Welcome to 2015, everybody. It's nice to see you all here. Glad you could make it.

Before we sweep the past under the rug, here are five stories that I'm most proud to have written in 2014:

1. I'll remember 2014 as the year I published my first book. Sure, it was only an e-book, so I didn't get to kill any trees. And it was only 20,000 words long, so reading it probably only takes as long as the graceful draining of a fancy bottle of wine. But I spent two years researching and writing the story of a renegade band of winemakers who defy the wine pest phylloxera by growing own-rooted grapes. And it's the best thing I've written to date. I hope you'll check it out:

www.andrewbraithwaite.com/an-inconvenient-fruit

2. For the second year running, I spent a month eating my way across Canada and got to choose a top ten list of "Canada's Best New Restaurants" for enRoute magazine. Whenever anybody hears about this gig and tells me I've got the best job in the world, I don't do what I'd usually do, which is to downplay it and go all aw shucks and if you only knew. No, I own it and I say, "You're right, I do have the best job." Because it's the truth:

enroute.aircanada.com/canadas-best-new-restaurants-2014

3. My first ever piece for American Express's haute-travel magazine Departures was a short one, but one of my best calls of the year: months before it opened, I previewed what turned out to be one of the biggest phenomenons of the global year in art. Ai Weiwei's exhibition "@Large: Ai Weiwei on Alcatraz" was conceptualized and built by the provocative dissident Chinese artist in Beijing, and shipped to the site of one of America's most notorious island prisons in SF bay. The artist wasn't unable to attend his big opening, sadly – Ai Weiwei was secretly detained by his own government for 81 days in 2011 and has still not regained the ability to travel outside China:

www.departures.com/art-culture/art-guide/ai-weiwei-alcatraz

4. I wrote about architecture and design in Mexico City for the Globe and Mail's glossy StyleAdvisor magazine. The highlight of the trip was an exquisite lunch at Eduardo Garcia's restaurant Maximo Bistrot Local – housed in a former wheelchair shop that had been transformed into a serene, minimalist white space that the chef himself described to me as "very Barragan."
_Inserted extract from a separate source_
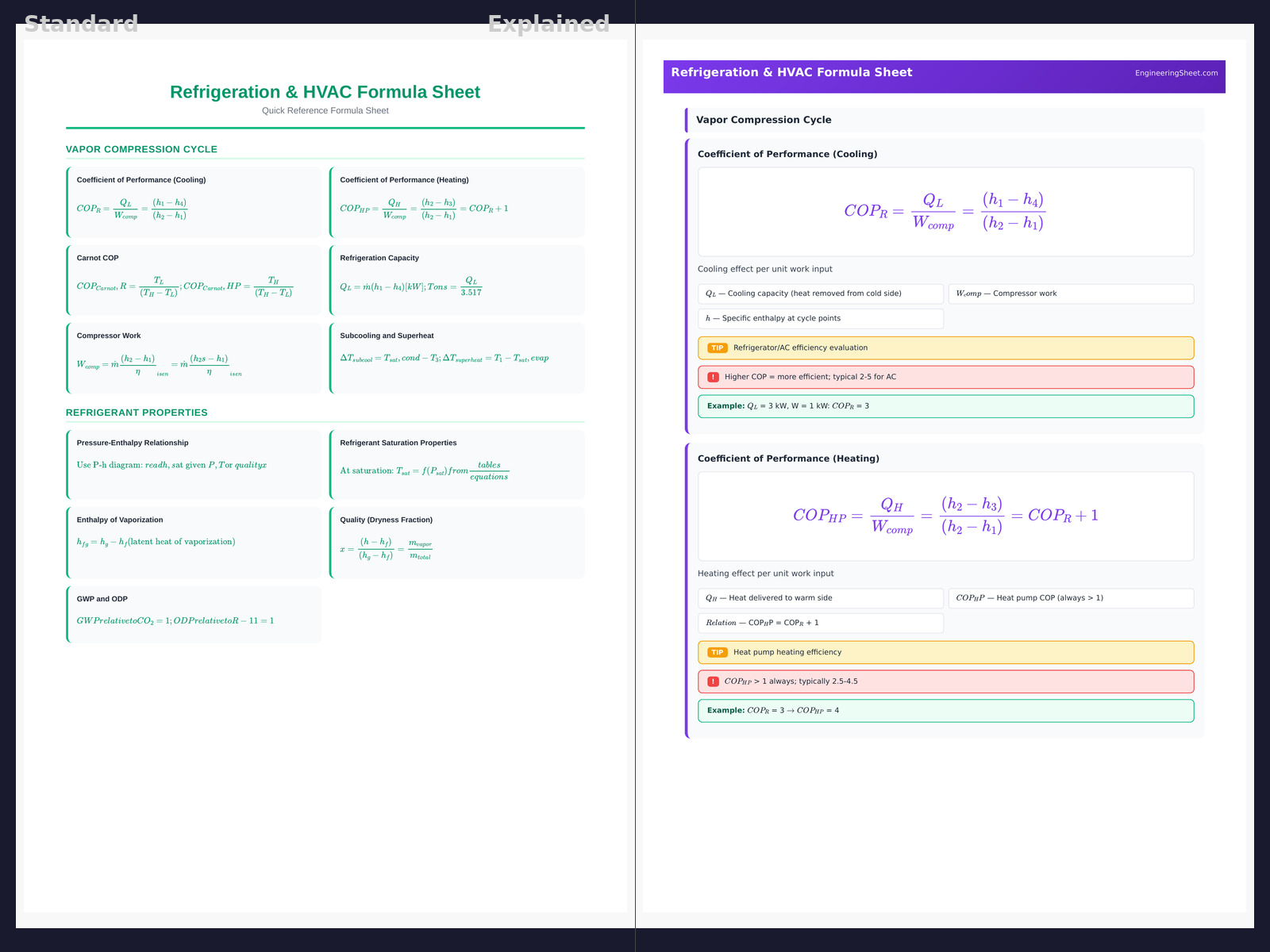 5 pages | 35 formulas | Topics: Vapor Compression, Psychrometrics, Heat Pumps, Cooling Load, Refrigerants | Course codes: ME 412, MAE 4273, MECE 4342, ME 380, AE 6373

www.theglobeandmail.com/life/travel/destinations/mexico/article17807628

5. I wrote a travel piece about the city I call home. This I accomplished by using home-grown San Francisco technology to explore some exiting new corners of the city – with old friends and new ones alike – that I might not otherwise have noticed. I called the result, "Five digital postcards from the land of the new new thing." Even if technology sometimes makes us stupider, other times it can still make the world a brave new place to experience:

enroute.aircanada.com/en/articles/san-francisco-digital-postcards-technology

Have a great 2015 and thanks for reading.